Hardly anything. VAG has made it clear Porsche is in charge of its own lineup and will not **** with them. Hell, Audi is constantly distancing themselves AWAY from VW.

However, Audi is in charge of all the SUVs (for example, new Cajun is based off Q5, which is an MLB/MLP platform car) in the VAG portfolio and if a baby Boxster does happen, there are rumors that there will be an Audi and/or VW version of the car.

That being said, the Boxster, Cayman, and 911 stay bespoke Porsche with their own engines, platforms, etc.


----------



## Dave 330i (Jan 4, 2002)

AutoUnion said:


> Hardly anything. VAG has made it clear Porsche is in charge of its own lineup and will not **** with them. Hell, Audi is constantly distancing themselves AWAY from VW.
> 
> However, Audi is in charge of all the SUVs (for example, new Cajun is based off Q5, which is an MLB/MLP platform car) in the VAG portfolio and if *a baby Boxster does happen, there are rumors that there will be an Audi and/or VW version of the car.*
> 
> That being said, the Boxster, Cayman, and 911 stay bespoke Porsche with their own engines, platforms, etc.


CEO can say anything he wants, but Porsche has only one vote on the board. I hope VW bean counters will not win out...

Porsche Ag., the maker of the famous 911 sports car will not build an entry-level two-seater vehicle smaller and cheaper than its Boxster model, CEO Matthias Mueller said in an interview with Stuttgarter Zeitung. According to the CEO, a plan like this would risk diluting the brand and alienate traditional customers. "We would do no good to the brand if we were to lose traditional Porsche customers" by pursuing a smaller Boxster model, the CEO was quoted as saying in an interview.


----------



## Dave 330i (Jan 4, 2002)

The future is here...
Porsche 2016 PAJUN. Reports from Germany have Porsche working on a new sedan that's smaller then the Panorama. Called the Pajun (a contraction of Panorama and Junior), the Porsche sedan is said to be based on the versatile VW MLB platform, which serves as the basis for the Audi A6, A7 and A8. I have said that Porsche-VW-Audi will be interchangeable, further dilute the brand name.


----------



## TXSTYLE (Aug 29, 2006)

Maybe I'm missing something so I apoligize in advance...
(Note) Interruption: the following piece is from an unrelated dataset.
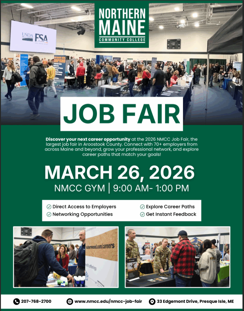 Northern Maine Community College’s Annual Job Fair is the largest job fair in Aroostook County, bringing together employers, students, and community job seekers for a day of networking and career exploration.

Several production cars have cracked into the 7's on The Ring. Most notably GODZILLA aka Nissan GT-R:



> Track time on the Nürburgring-Nordschliefe for the 2012 Nissan GT-R comes in at 7 minutes and 24.22 seconds
> 
> The 2012 Nissan GT-R comes with a twin-turbo 3.8-liter V6 engine with an output of 530 hp (395 kW / 537 PS) and 488 lb-ft (661 Nm) of torque. It does the 0 to 100 km/h in 3 seconds flat. Though, some may need the help of its launch control R-Mode Start Function (LC4 R35) to achieve that.
> 
> The 2012 GT-R beats the 2011's track time of 7 minutes 26.7 seconds by almost 2.5 seconds and its sure grip on the track is a testament to its all-wheel drive system. The GT-R's chief designer Kazutoshi Mizuno makes an appearance in the video too. He should be proud of his achievement.


Also the ZR-1 and Porsche GT2 RS have both cracked the 7's with the GT2 RS currently the fastest at 7:18!


----------



## dealio (Mar 8, 2012)

TXSTYLE said:


> Maybe I'm missing something so I apoligize in advance...





1st sentence in OP said:


> The Audi R8 e-tron has set a world record *for a production vehicle with an electric drive system*


apology accepted


----------